[Saved data entries]
******

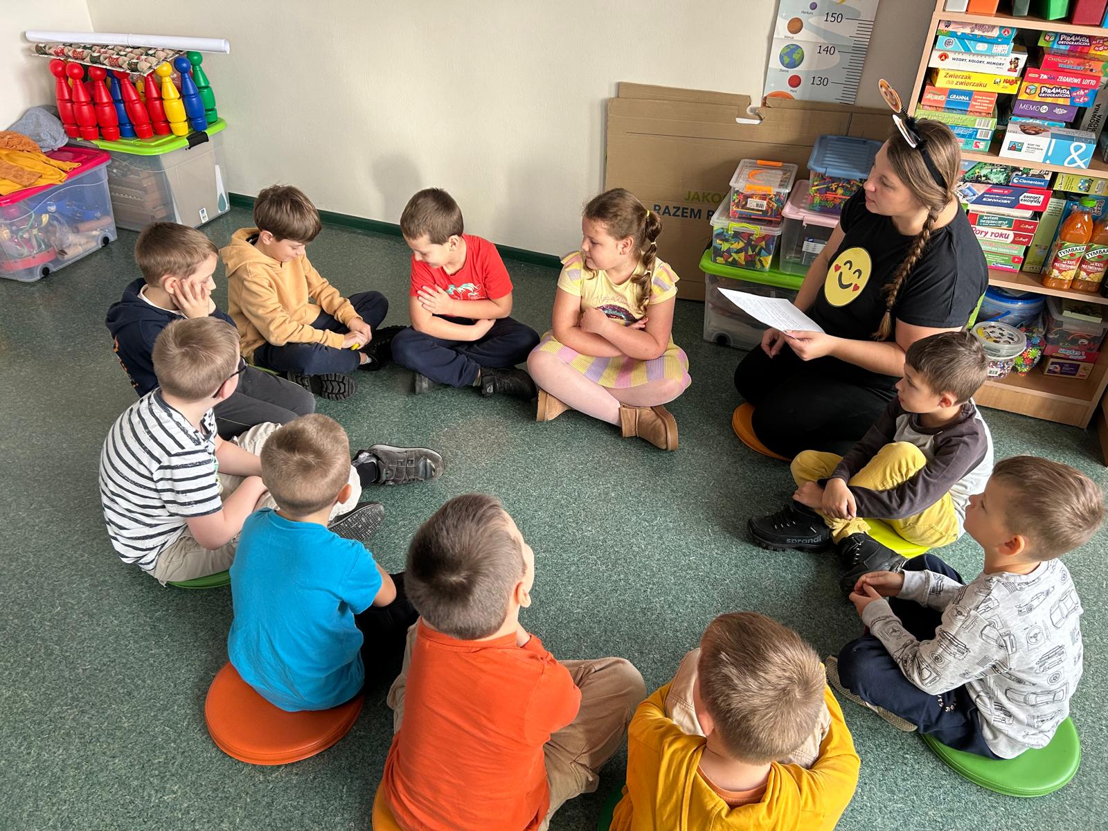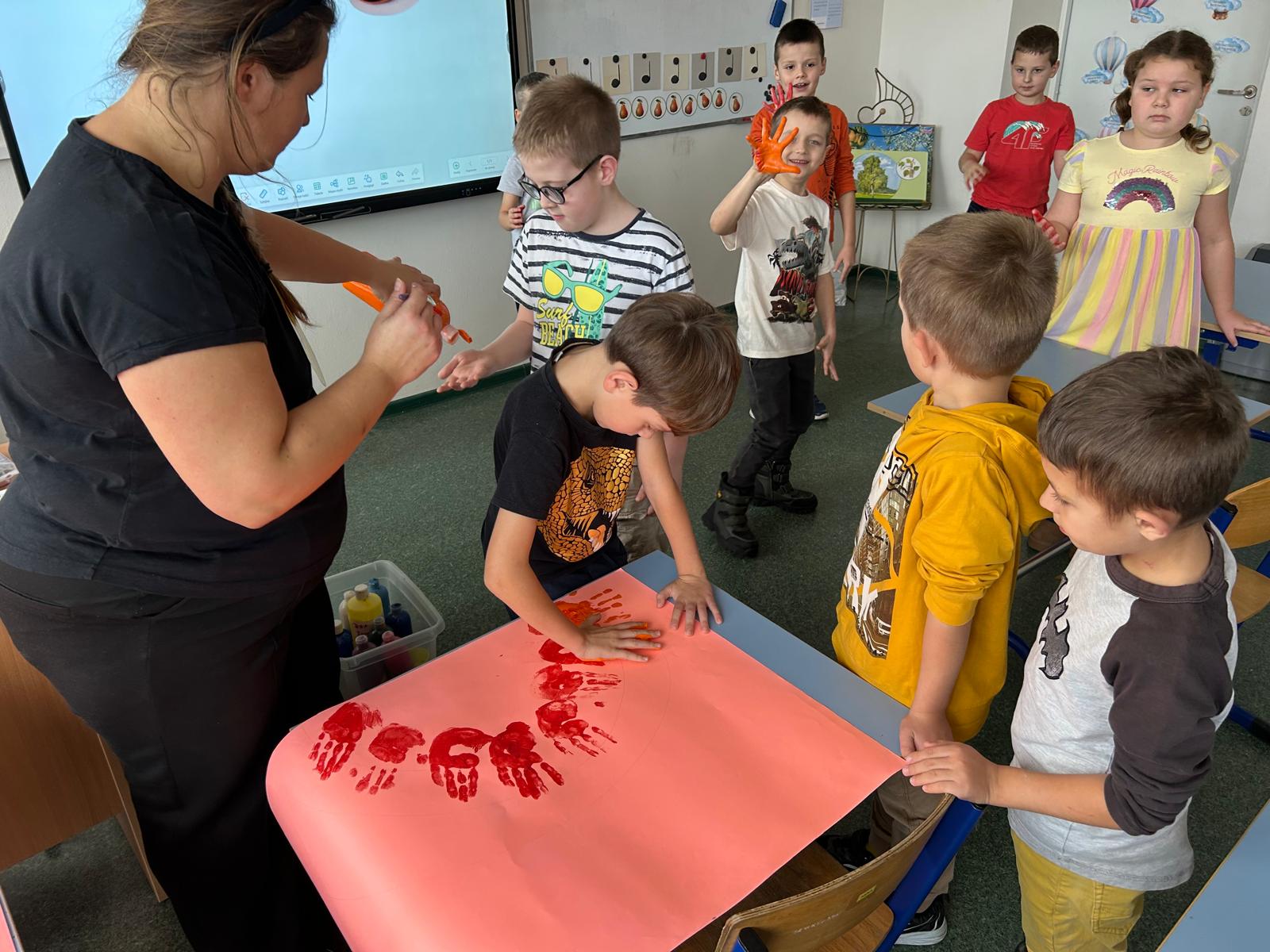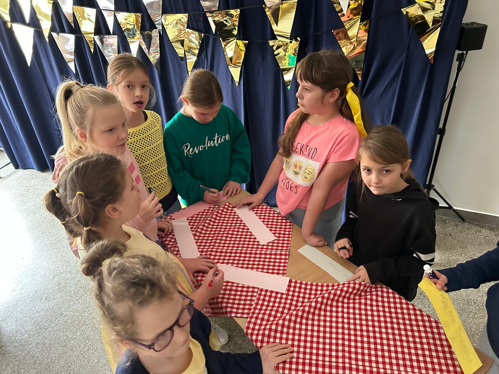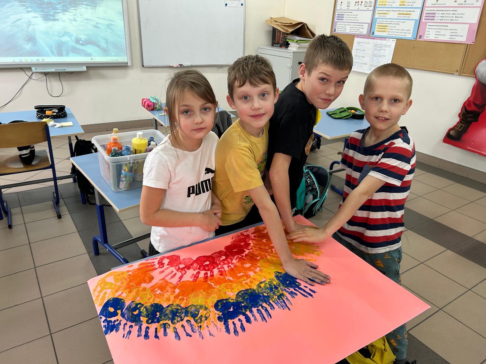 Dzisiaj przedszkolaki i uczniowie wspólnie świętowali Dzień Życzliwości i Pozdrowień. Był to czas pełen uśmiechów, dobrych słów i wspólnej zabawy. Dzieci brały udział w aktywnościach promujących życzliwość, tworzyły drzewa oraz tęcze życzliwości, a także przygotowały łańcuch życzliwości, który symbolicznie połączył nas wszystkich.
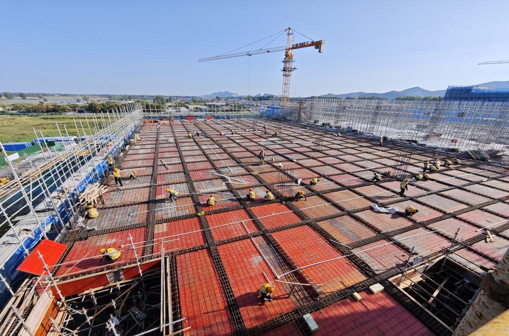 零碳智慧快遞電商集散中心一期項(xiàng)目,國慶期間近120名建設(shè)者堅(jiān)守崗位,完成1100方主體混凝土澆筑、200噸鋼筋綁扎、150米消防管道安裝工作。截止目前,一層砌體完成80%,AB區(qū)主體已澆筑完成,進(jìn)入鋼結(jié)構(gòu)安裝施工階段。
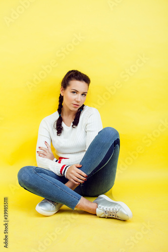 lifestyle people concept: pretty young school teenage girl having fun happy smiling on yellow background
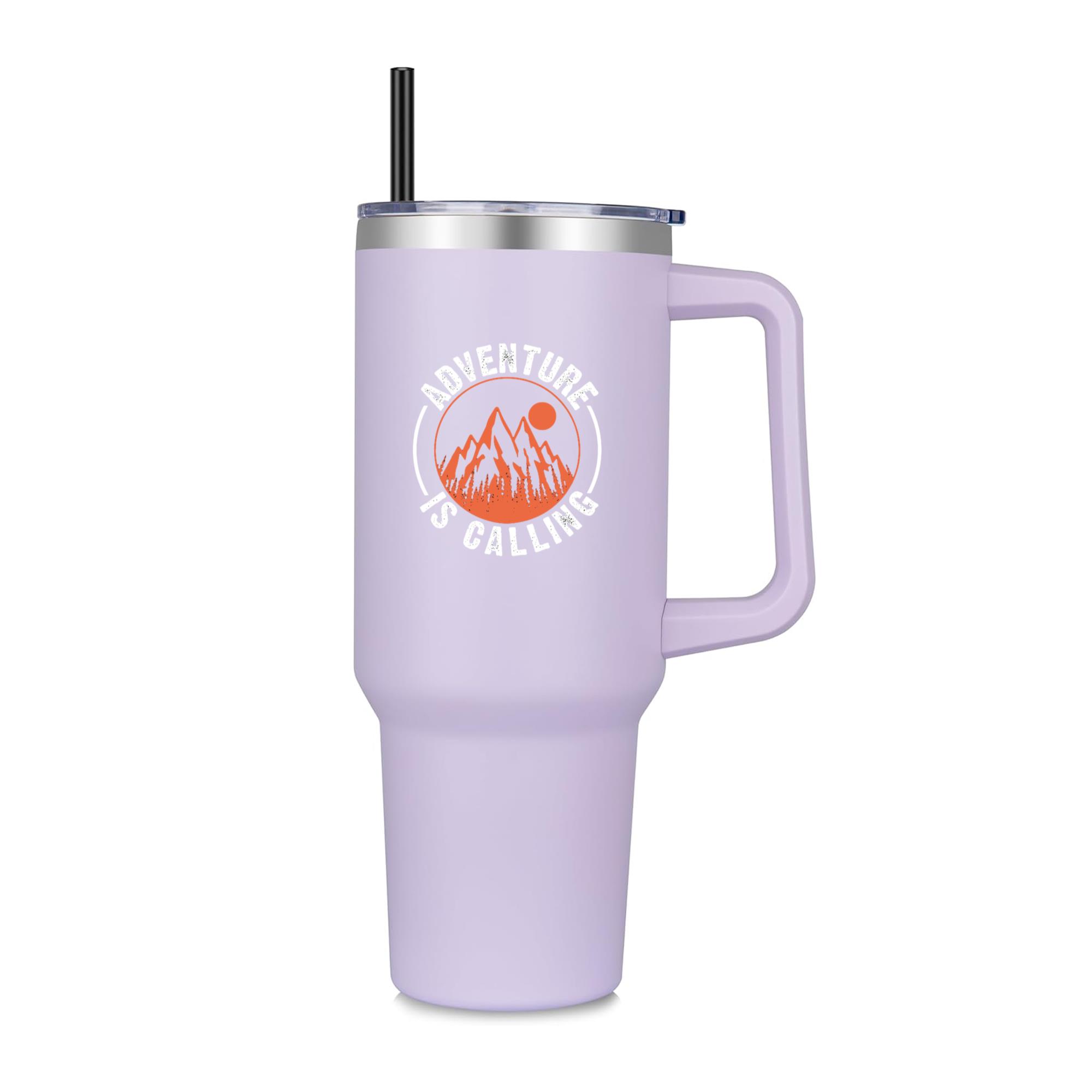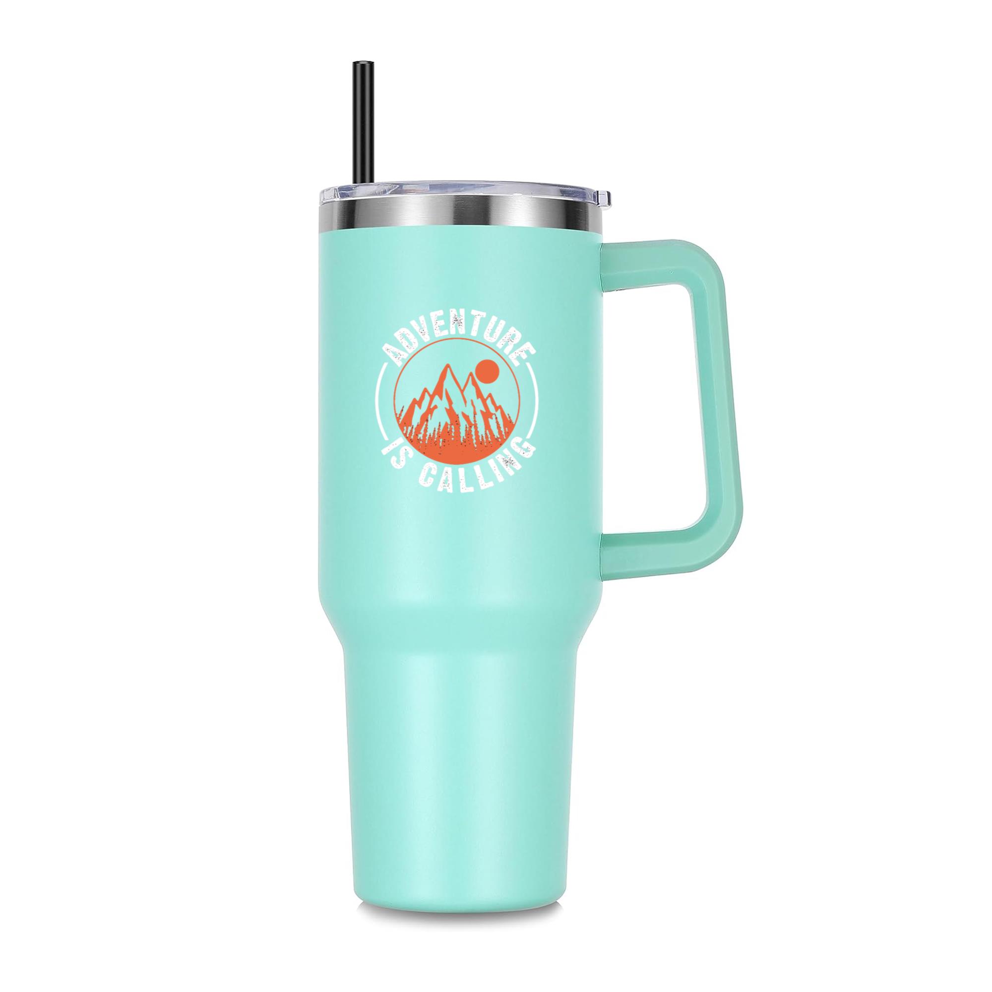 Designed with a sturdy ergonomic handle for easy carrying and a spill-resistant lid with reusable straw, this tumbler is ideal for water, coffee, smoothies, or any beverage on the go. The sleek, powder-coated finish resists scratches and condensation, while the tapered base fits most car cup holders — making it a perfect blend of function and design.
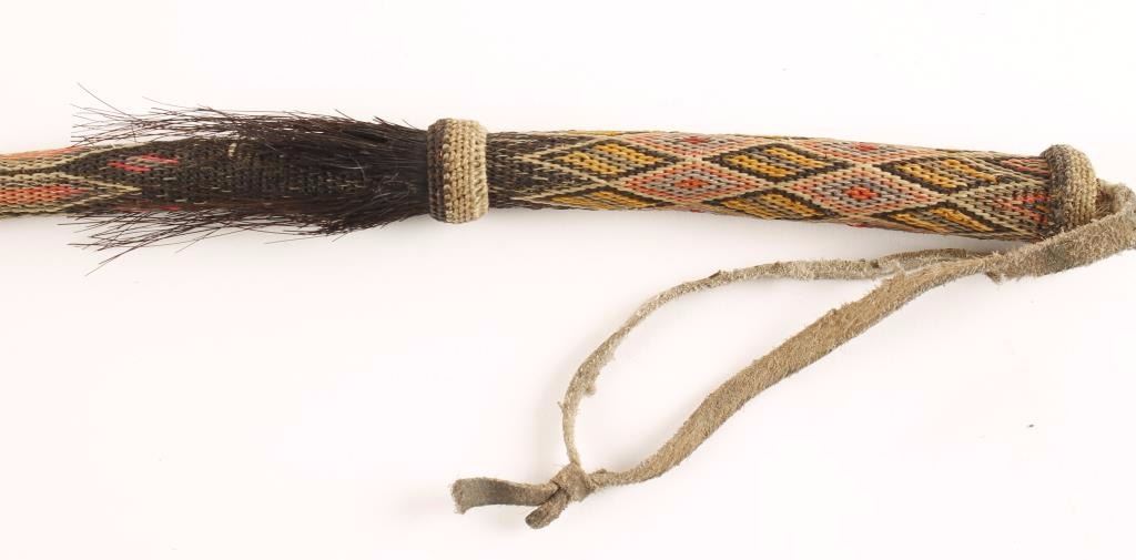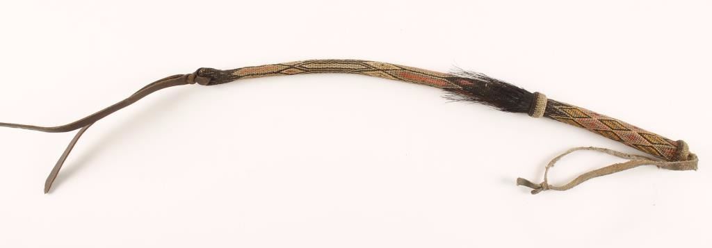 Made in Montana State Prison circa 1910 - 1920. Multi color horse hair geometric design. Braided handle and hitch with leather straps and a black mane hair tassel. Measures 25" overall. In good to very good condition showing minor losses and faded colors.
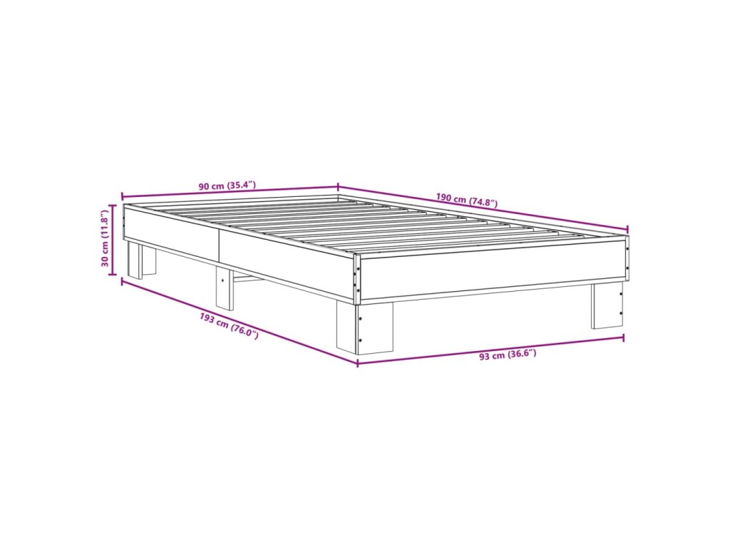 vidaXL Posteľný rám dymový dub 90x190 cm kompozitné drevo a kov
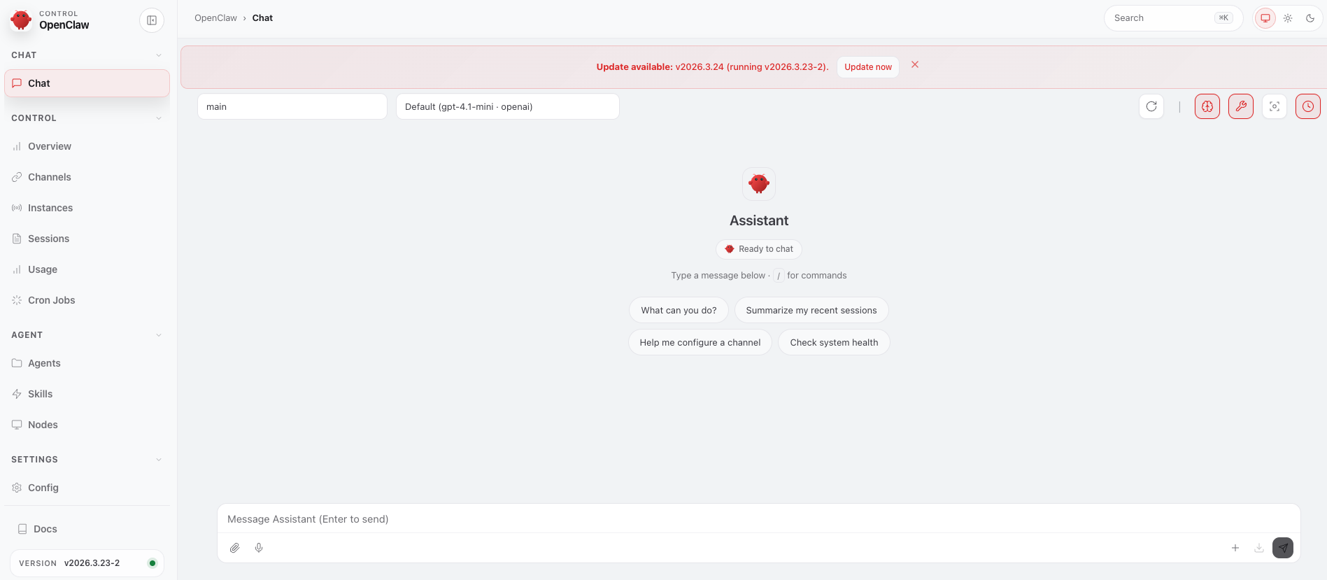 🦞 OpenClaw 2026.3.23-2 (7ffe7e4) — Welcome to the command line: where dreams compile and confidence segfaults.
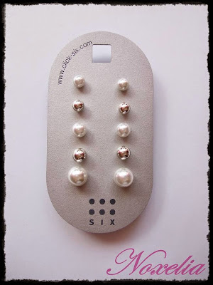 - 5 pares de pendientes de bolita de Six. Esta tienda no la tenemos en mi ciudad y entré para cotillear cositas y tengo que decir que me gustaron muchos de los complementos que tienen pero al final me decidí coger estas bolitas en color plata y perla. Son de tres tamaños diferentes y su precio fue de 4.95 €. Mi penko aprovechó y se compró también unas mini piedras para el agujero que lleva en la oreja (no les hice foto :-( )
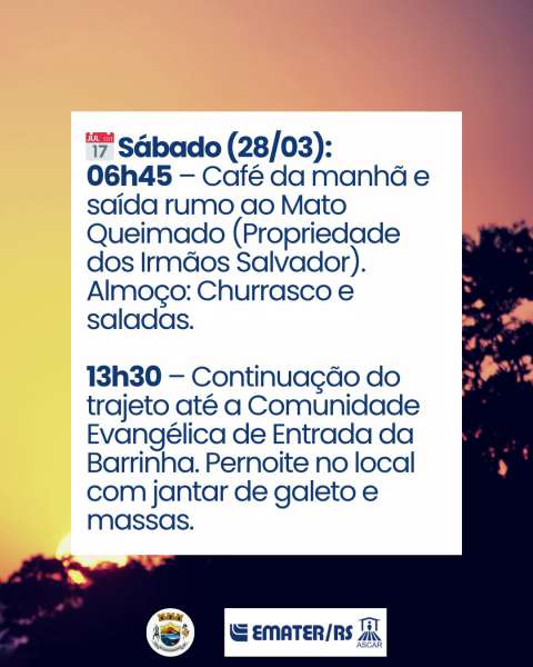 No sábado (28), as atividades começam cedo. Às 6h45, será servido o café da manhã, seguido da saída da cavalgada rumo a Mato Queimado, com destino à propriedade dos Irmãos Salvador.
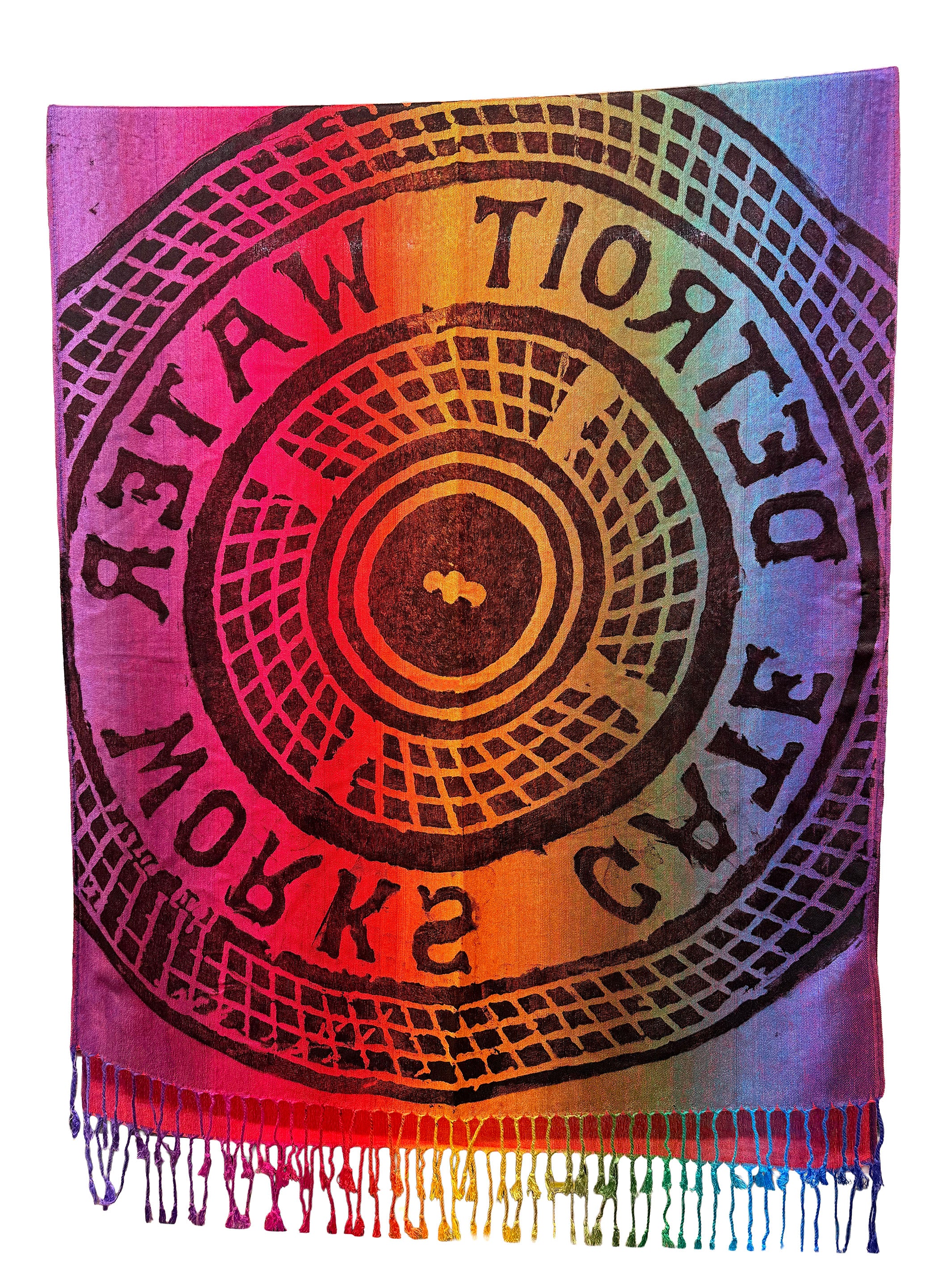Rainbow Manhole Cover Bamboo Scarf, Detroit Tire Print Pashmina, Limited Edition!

******

Working down from the line with "No sábado (28), as", copy each line exactly until the last line of the entries, which is also included. Omit the pictures.

- Answer to the exercise:
 No sábado (28), as atividades começam cedo. Às 6h45, será servido o café da manhã, seguido da saída da cavalgada rumo a Mato Queimado, com destino à propriedade dos Irmãos Salvador.
Rainbow Manhole Cover Bamboo Scarf, Detroit Tire Print Pashmina, Limited Edition!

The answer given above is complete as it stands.